**EXERCISE DIRECTIONS:** Could you retype the lines below, starting at the line holding "The double-layered design" and stopping at the line holding "Kimono in seta", inclusive? Copy them exactly and drop the images.

**DATA IN THIS EXERCISE:**
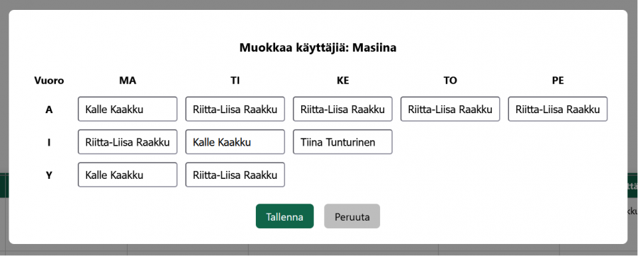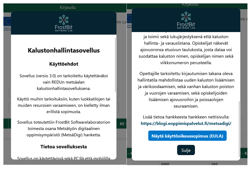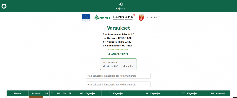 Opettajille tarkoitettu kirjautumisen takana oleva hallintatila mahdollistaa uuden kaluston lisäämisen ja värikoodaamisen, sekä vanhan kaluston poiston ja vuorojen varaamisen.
* * *
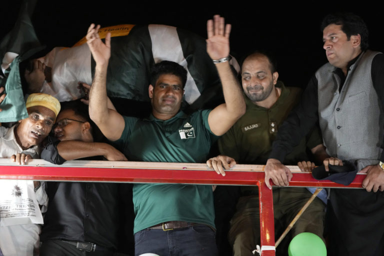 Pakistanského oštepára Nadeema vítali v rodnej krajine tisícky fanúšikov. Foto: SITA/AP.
==
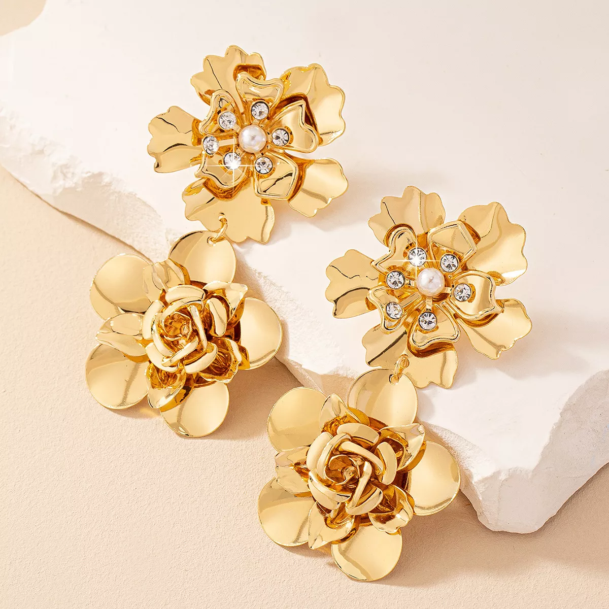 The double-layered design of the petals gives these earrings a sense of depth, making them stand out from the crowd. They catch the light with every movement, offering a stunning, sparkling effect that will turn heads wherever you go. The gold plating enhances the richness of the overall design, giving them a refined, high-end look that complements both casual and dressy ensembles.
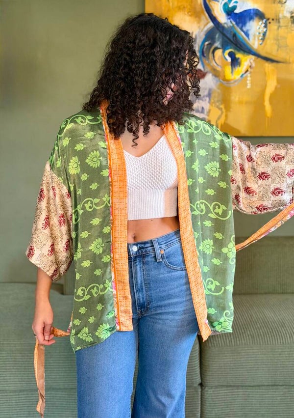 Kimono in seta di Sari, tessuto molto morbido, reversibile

**OUTPUT FOR THIS TASK:**
 The double-layered design of the petals gives these earrings a sense of depth, making them stand out from the crowd. They catch the light with every movement, offering a stunning, sparkling effect that will turn heads wherever you go. The gold plating enhances the richness of the overall design, giving them a refined, high-end look that complements both casual and dressy ensembles.
 Kimono in seta di Sari, tessuto molto morbido, reversibile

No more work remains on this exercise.